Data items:
+++++

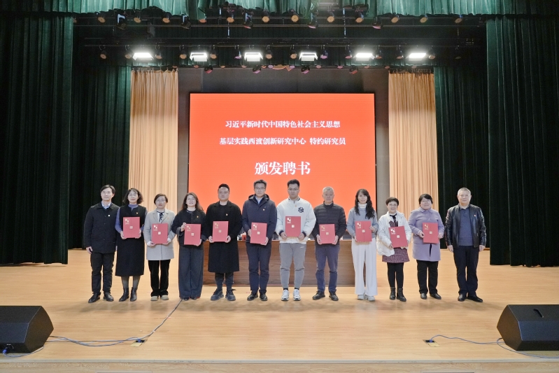 会上,西渡街道党工委副书记陆冬杰与必赢官网必赢国际437官网副院长卢杨共同为中心揭牌,奉贤区委党校副校长高贵峰与西渡街道党工委委员张兴海为来自习思想概论党支部的专家学者和街道基层一线的优秀干部颁发中心特约研究员聘书。
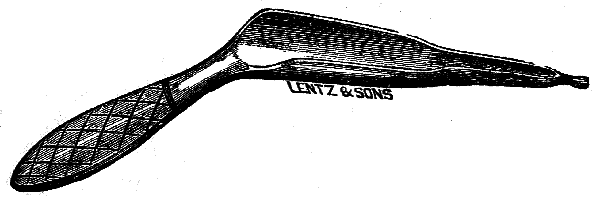 In cases of fissure the speculum ani is seldom required by those accustomed to making rectal examinations. In the majority of instances the possession of the tactus eruditus—education of the sense of touch—will enable the surgeon to form a correct diagnosis without the aid of this instrument, and thus save the patient much pain. If a speculum should be required, the instrument of Aloe (Fig. 5) or of Sims (Fig. 6) may be employed.
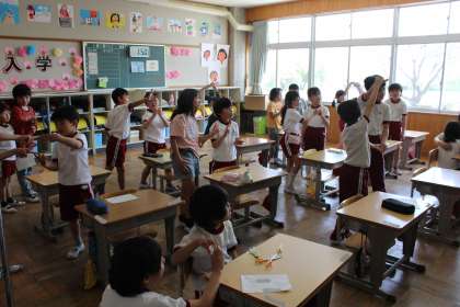 3年生 「入学を祝う会」の練習 公開日 2024/04/19 更新日 2024/04/19 お知らせ 3年生が1年生と一緒に「入学を祝う会」の練習をしました。 1年生とペアになり、入場する時のポーズを教室で教え、実際に体育館で入場の練習をしました。1年生と手を繋いで歩き、優しく教える姿が見られました。
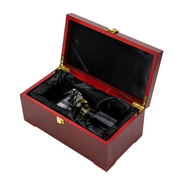 Crystal glass trophy 20 cm with round black base presented in the mahogany color wooden box.
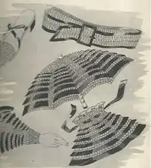 A constant desire to explore and innovate permeated Vera Borea's work. She figured out how to weather-proof corduroy and used it for a raincoat. Another raincoat was made of rubber. She spun hemp with silk for travel suits[40] and introduced in France the two-way-stretch elastic fabrics.[41] An evening coat was made of transparent fabric. An aviator jacket was made of supple leather and a knitted back panel, making it wearable both indoors and outdoors. Shoes sported heels made of rubber. Buttons were made of Brazil nuts. Other elements like fur, raffia, rope, bone, nut, feathers, pine cones and leather also showed up in her designs.[42][43]
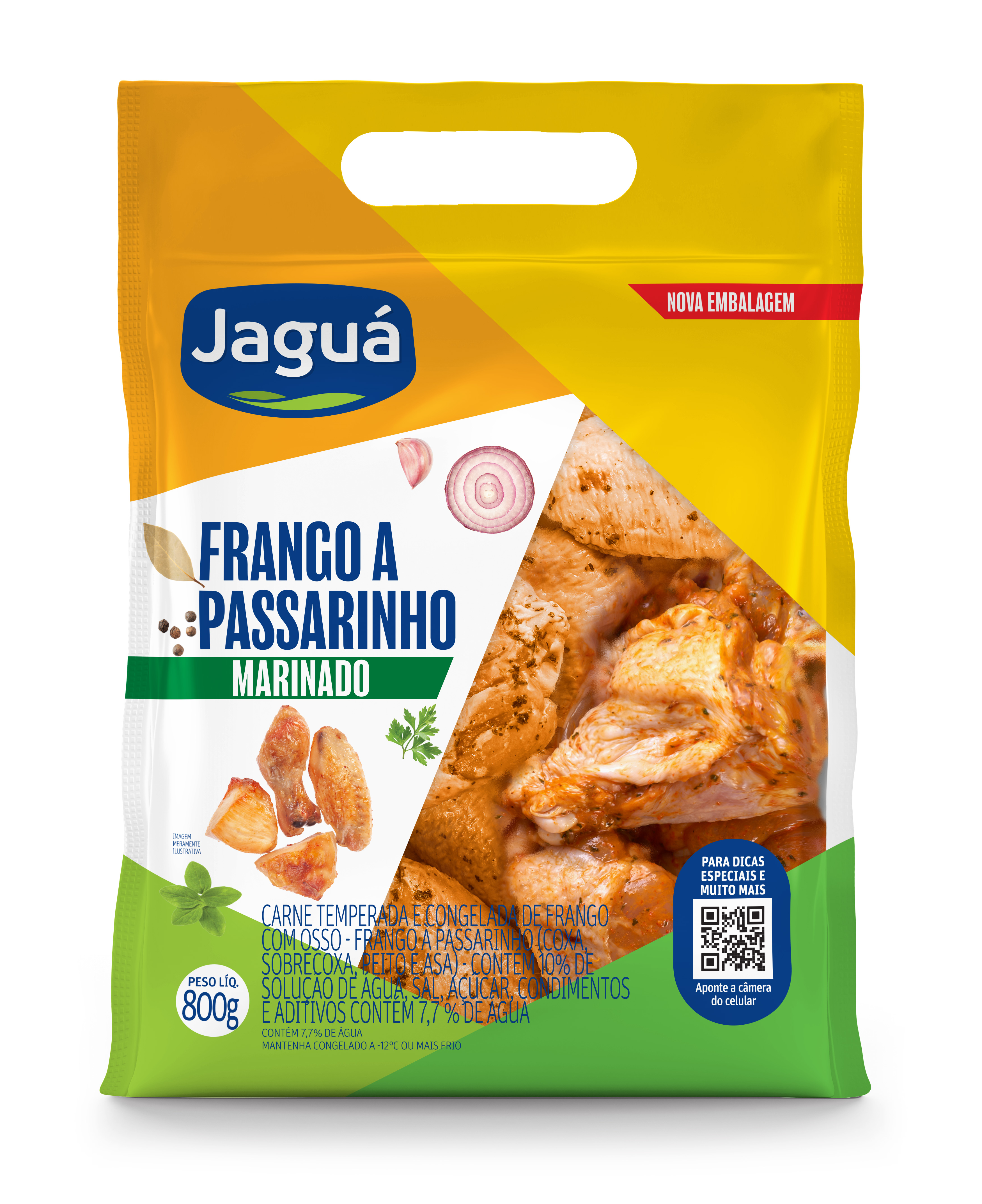 Frango à Passarinho Marinada Jaguá oferece pedaços já temperados, ideais para crocância rápida. Congelado, frite em óleo quente, air fryer ou grelhe. Sabor uniforme por dentro. Perfeito para servir em porções.
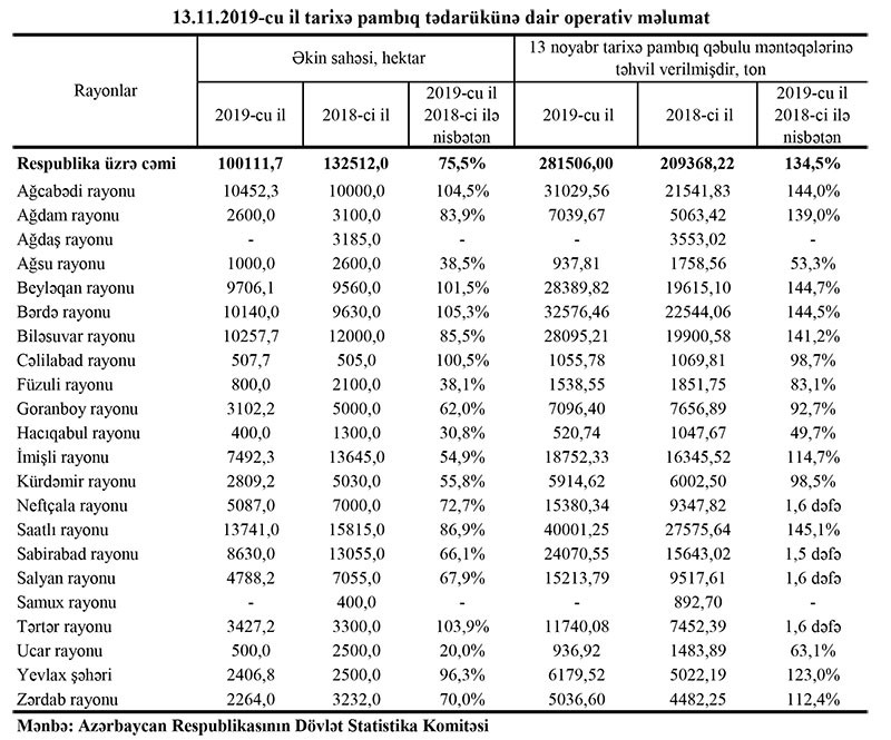 Respublikada pambıq tədarükünə dair noyabrın 13-nə olan operativ məlumatı təqdim edirik.
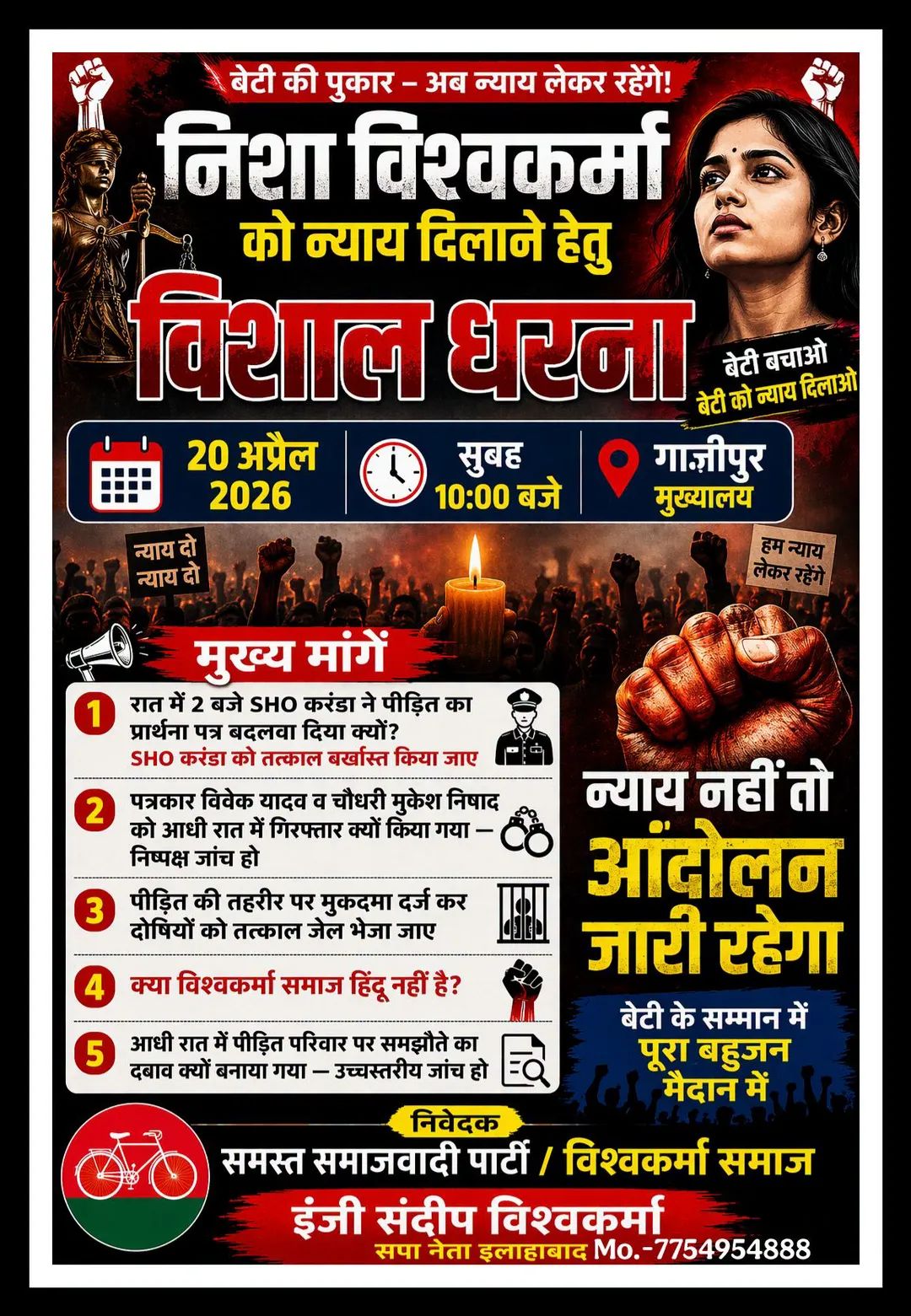 ЁЯЪи рдЧрд╝рд╛рдЬрд╝реАрдкреБрд░ рд╣рддреНрдпрд╛рдХрд╛рдВрдб #рдирд┐рд╢рд╛_рд╡рд┐рд╢реНрд╡рдХрд░реНрдорд╛ рдХреЛ рдиреНрдпрд╛рдп рджрд┐рд▓рд╛рдиреЗ рд╣реЗрддреБ рд╡рд┐рд╢рд╛рд▓ рдзрд░рдирд╛ ЁЯЪи ЁЯУН 20 рдЕрдкреНрд░реИрд▓ 2026 тП░ рд╕реБрдмрд╣ 10:00 рдмрдЬреЗ ЁЯУН рдЧрд╛рдЬреАрдкреБрд░ рдореБрдЦреНрдпрд╛рд▓рдп

+++++

PROBLEM REQUIREMENTS
Print the entries again exactly as they appear above. Do not print the pictures.

SOLUTION
 会上,西渡街道党工委副书记陆冬杰与必赢官网必赢国际437官网副院长卢杨共同为中心揭牌,奉贤区委党校副校长高贵峰与西渡街道党工委委员张兴海为来自习思想概论党支部的专家学者和街道基层一线的优秀干部颁发中心特约研究员聘书。
 In cases of fissure the speculum ani is seldom required by those accustomed to making rectal examinations. In the majority of instances the possession of the tactus eruditus—education of the sense of touch—will enable the surgeon to form a correct diagnosis without the aid of this instrument, and thus save the patient much pain. If a speculum should be required, the instrument of Aloe (Fig. 5) or of Sims (Fig. 6) may be employed.
 3年生 「入学を祝う会」の練習 公開日 2024/04/19 更新日 2024/04/19 お知らせ 3年生が1年生と一緒に「入学を祝う会」の練習をしました。 1年生とペアになり、入場する時のポーズを教室で教え、実際に体育館で入場の練習をしました。1年生と手を繋いで歩き、優しく教える姿が見られました。
 Crystal glass trophy 20 cm with round black base presented in the mahogany color wooden box.
 A constant desire to explore and innovate permeated Vera Borea's work. She figured out how to weather-proof corduroy and used it for a raincoat. Another raincoat was made of rubber. She spun hemp with silk for travel suits[40] and introduced in France the two-way-stretch elastic fabrics.[41] An evening coat was made of transparent fabric. An aviator jacket was made of supple leather and a knitted back panel, making it wearable both indoors and outdoors. Shoes sported heels made of rubber. Buttons were made of Brazil nuts. Other elements like fur, raffia, rope, bone, nut, feathers, pine cones and leather also showed up in her designs.[42][43]
 Frango à Passarinho Marinada Jaguá oferece pedaços já temperados, ideais para crocância rápida. Congelado, frite em óleo quente, air fryer ou grelhe. Sabor uniforme por dentro. Perfeito para servir em porções.
 Respublikada pambıq tədarükünə dair noyabrın 13-nə olan operativ məlumatı təqdim edirik.
 ЁЯЪи рдЧрд╝рд╛рдЬрд╝реАрдкреБрд░ рд╣рддреНрдпрд╛рдХрд╛рдВрдб #рдирд┐рд╢рд╛_рд╡рд┐рд╢реНрд╡рдХрд░реНрдорд╛ рдХреЛ рдиреНрдпрд╛рдп рджрд┐рд▓рд╛рдиреЗ рд╣реЗрддреБ рд╡рд┐рд╢рд╛рд▓ рдзрд░рдирд╛ ЁЯЪи ЁЯУН 20 рдЕрдкреНрд░реИрд▓ 2026 тП░ рд╕реБрдмрд╣ 10:00 рдмрдЬреЗ ЁЯУН рдЧрд╛рдЬреАрдкреБрд░ рдореБрдЦреНрдпрд╛рд▓рдп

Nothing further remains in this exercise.